Thanks a lot. So the error is caused by missing entry for one of the block devices in /vm/UUID/device/vbd/: vbd = "" 5632 = "" frontend = "/local/domain/11/device/vbd/5632" frontend-id = "11" backend-id = "0" backend = "/local/domain/0/backend/vbd/11/5632" 768 is missing in there. In the previous report, it was the cdrom (5632) which was missing. Oops and vif got lost during restarts, which looks almost like bug #509099. I might have an idea why this happens... I'll report once I know it's (in)correct.
Could you try the new package from http://people.redhat.com/jdenemar/xen/bz513604/ to see if that fixes the error? And report the results and logs even if it does, please.
Thanks for the testing. Could you try yet another version of the package? http://people.redhat.com/jdenemar/xen/bz513604/ Thanks a lot.
OK, another round... Could you follow the following steps, please? - install the new packages from http://people.redhat.com/jdenemar/xen/bz513604/ and restart xend or the whole machine - turn on logging in xen hotplug scripts: # echo 'SYSLOG=yes' >>/etc/sysconfig/xenhotplug - let udev log debugging messages: # udevcontrol log_priority=debug - let syslog write all (including debugging) messages into /var/log/debug: # echo '*.* /var/log/debug' >>/etc/syslog.conf # service syslog reload - reproduce the bug - send me everything you normally do together with /var/log/debug Thanks a lot
So the race condition is confirmed.

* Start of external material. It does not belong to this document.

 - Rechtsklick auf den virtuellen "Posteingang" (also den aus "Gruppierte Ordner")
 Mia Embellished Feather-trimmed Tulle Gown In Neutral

As usual, the race is between hotplug scripts and xend. Under very lucky conditions hotplug-cleanup script runs early enough to see /local/domain/ID/vm and then it's delayed so that it actually removes /vm/UUID/device/CLASS/ID from the newly created domain instead of the old one. It looks like IA64 is very lucky platform :-) By injecting some sleeps at right places, I'm able to reproduce it locally, which should speed up things quite a bit.

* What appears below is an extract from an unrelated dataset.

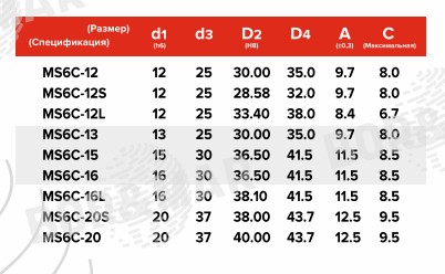 | MS6C-12S | 12 | 25 | 28.58 | 32.0 | 9.7 | 8.0 |
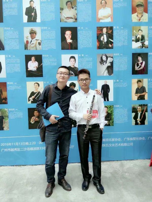 比赛前,学生们都积极备战,刻苦练习。李老师让参赛选手先后演奏了所有参赛曲目,逼真地预演了比赛情景,使他们更好地进入比赛状态。个别同学出现紧张怯场等问题,李老师都耐心的讲解和指导,并在比赛当天亲临比赛现场指导,这极大地鼓舞了选手的参赛信心,使他们在比赛前能够甩掉包袱、轻装上阵,从而取得了好成绩!单簧管专业组任博远、周超勇夺一等奖;朱进魁、黎诺怡获得萨克斯业余组二等奖,祝文豪、罗舒婷、钟海媚分别获得双簧管、单簧管以及大管业余组二等奖。

Hi, could you try with the latest packages from http://people.redhat.com/jdenemar/xen/bz513604/ (xen-3.0.3-94.el5.bz513604.7)? Thanks
Great, thank you very much for the testing.
Created attachment 358693 [details] Fix race condition on domain restart
*** Bug 513265 has been marked as a duplicate of this bug. ***
Fix built into xen-3.0.3-95.el5
I verify this bug by following steps: (1) Create a HVM domain (2) Reboot the domain by `xm reboot' (3) Run `xm list' I try this about 30 times and find that the domain will no more missing from xm list when rebooted. So this bug is verified in xen-3.0.3-102.el5.
An advisory has been issued which should help the problem described in this bug report. This report is therefore being closed with a resolution of ERRATA. For more information on therefore solution and/or where to find the updated files, please follow the link below. You may reopen this bug report if the solution does not work for you. http://rhn.redhat.com/errata/RHBA-2010-0294.html
This bug was closed during 5.5 development and it's being removed from the internal tracking bugs (which are now for 5.6).